About the Chronic Illness Community

Chronic illnesses are defined broadly as conditions that last 1 year or more and require ongoing medical attention or limit activities of daily living or both. Chronic Illnesses include Arthritis, Cancer, Crohn's Disease, Diabetes, Ehlers-Danlos syndromes (EDS), Lupus, and Postural Orthostatic Tachycardia Syndrome (POTS). 

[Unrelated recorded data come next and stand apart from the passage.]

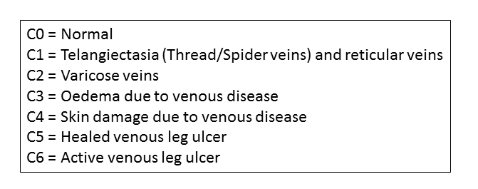 In the venous world we grade these different clinical entities by using a sort of short-hand. We use the clinical part of the Clinical Etiological Anatomical and Pathological (CEAP) score (Figure 2).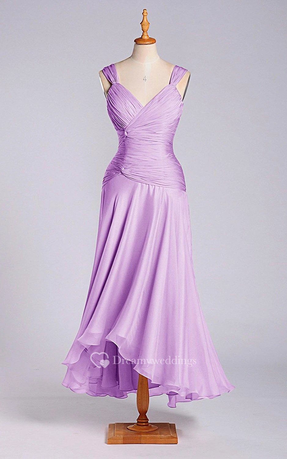 A-line V-neck Tea-length Dropped Chiffon Dress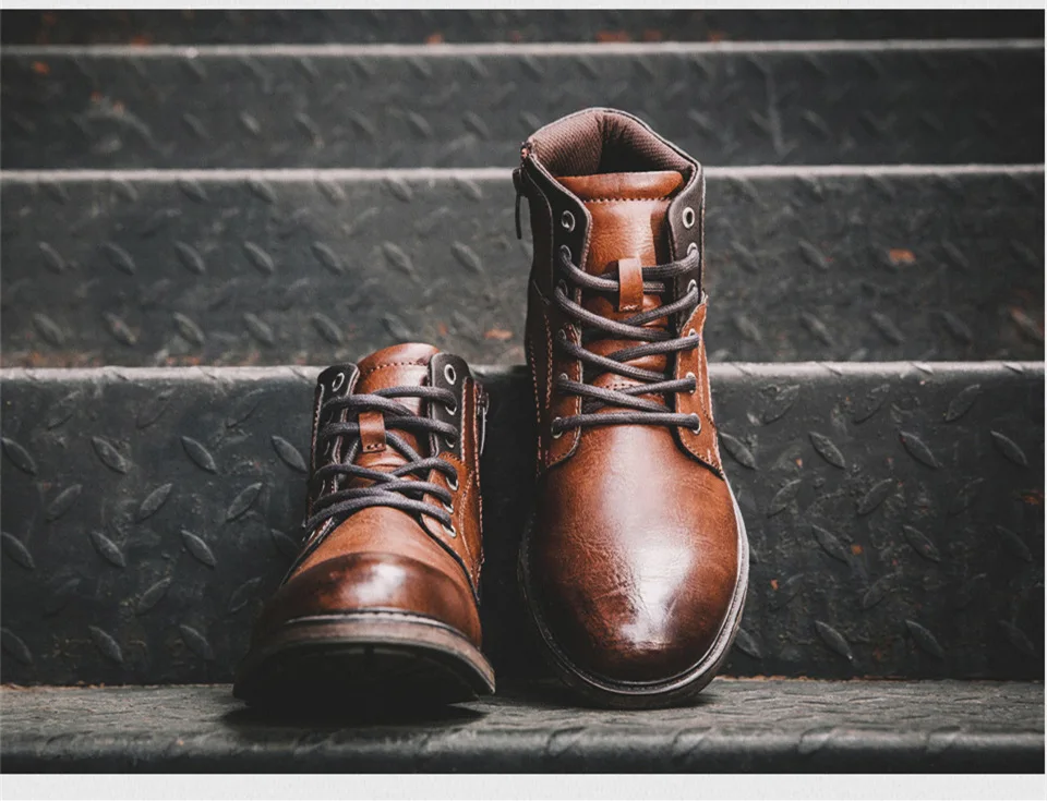 Ботинки мужские кожаные, на шнуровке, в винтажном стиле, весна-осень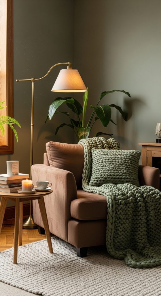 A cozy corner with these colors creates a relaxing reading space.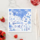 Ein modernes blau-weißes Aquarellbild von Oia auf der atemberaubenden griechischen Insel Santorin. Originelle Kunst von Nic Squirrell. Ändern Sie den Text, um ihn zu personalisieren.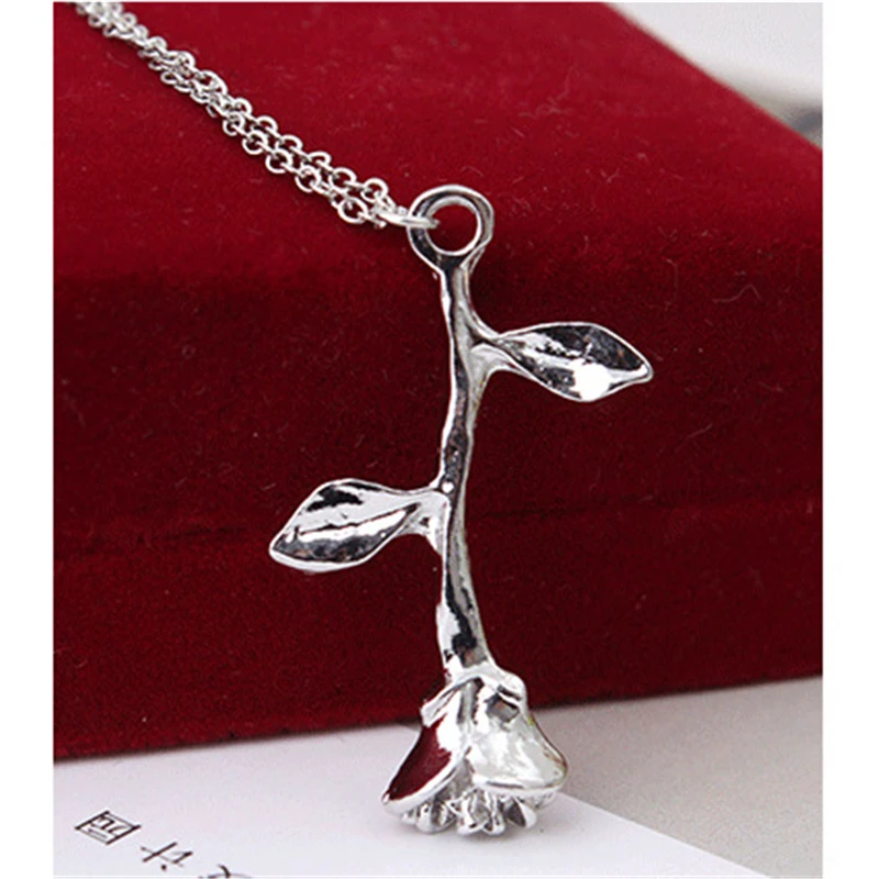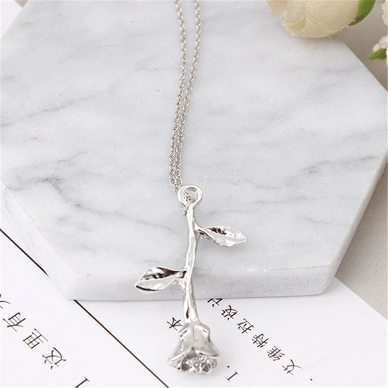 3D Rose Pendant Charm Necklace Final Rose Flower Beauty And Beast Jewelry Women Girls Party Gift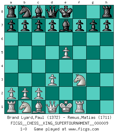Last move : 1-0 2023 May 30 17:15:22 [Event "FICGS__CHESS__KING_SUPERTOURNAMENT__000009"] [Site "FICGS"] [Date "2023.04.23"] [Round "1"] [White "Brand Lyard,Paul"] [Black "Remus,Matias"] [Result "1-0"] [WhiteElo "1372"] [BlackElo "1711"] 1.e4 e5 2.f4 exf4 3.Nf3 Nf6 4.e5 Nh5 5.g4 fxg3 6.hxg3 Nxg3 7.Rg1 Nxf1 8.Rxf1 Be7 9.d3 1-0 This chess game has been lost on time (started : 2023.04.23 2:2:48) Follow this game move after move (download)Morphy was probably the greatest genius of them all. (Bobby Fischer) Schach verlangt totale Konzentration. (Robert James Fischer) Ayuda a tus piezas para que ellas te puedan ayudar. (Paul Morphy) Le jeu d'échecs fait naître et fortifie en nous plusieurs qualités précieuses dans le cours de l'existence, telles que la prévoyance, la circonspection, la prudence, et la persévérance. (Benjamin Franklin - 1783, la morale des échecs) The general who wins the battle makes many calculations in his temple before the battle is fought. The general who loses makes but few calculations beforehand. (Sun Tzu)

Symptoms of all these conditions can be unpredictable and fluctuate, including difficulty walking, standing or sitting, mental fatigue (a hard time remembering or concentrating), and dizziness or disorientation. In addition, it can take months or years for people with chronic illnesses to get a diagnosis and the symptoms, treatments, and needs for individuals vary, even when they have the same chronic illness. 

Barriers to Inclusion

  • The medical field lacks in depth knowledge of many chronic illnesses, preventing early or accurate diagnosis and treatment. 
  • Society often judges the chronic illness community based on how they are feeling from day to day. If they aren't consistently sick, people can view them as faking, while in actuality, chronic illness has its good days and bad days. 
  • General lack of knowledge within society on the cognitive toll that a chronic illness can have on someone, including brain fog, fatigue, and mood changes.
  • Meetings scheduled back-to-back in workplaces without allotted breaks in between can create issues for the community, not giving people enough time to take medication, use needed facilities, or to just re-energize. 
  • Insufficient time limits to respond or to complete tasks, such as to fill out online forms, or too many tasks on one page with no break between tasks.​
  • Inconsistent and overly complicated navigation mechanisms and page functions.​
  • Auto-playing videos and animations.
  • Lack of alternatives for movement-intensive tasks.
  • Password fields that require biometric data or movement only.
  • Password fields that do not allow an authentication app to access them.
  • Form fields that do not allow for auto-complete or copy/pasting of content.
  • Websites not coded with voice recognition in mind.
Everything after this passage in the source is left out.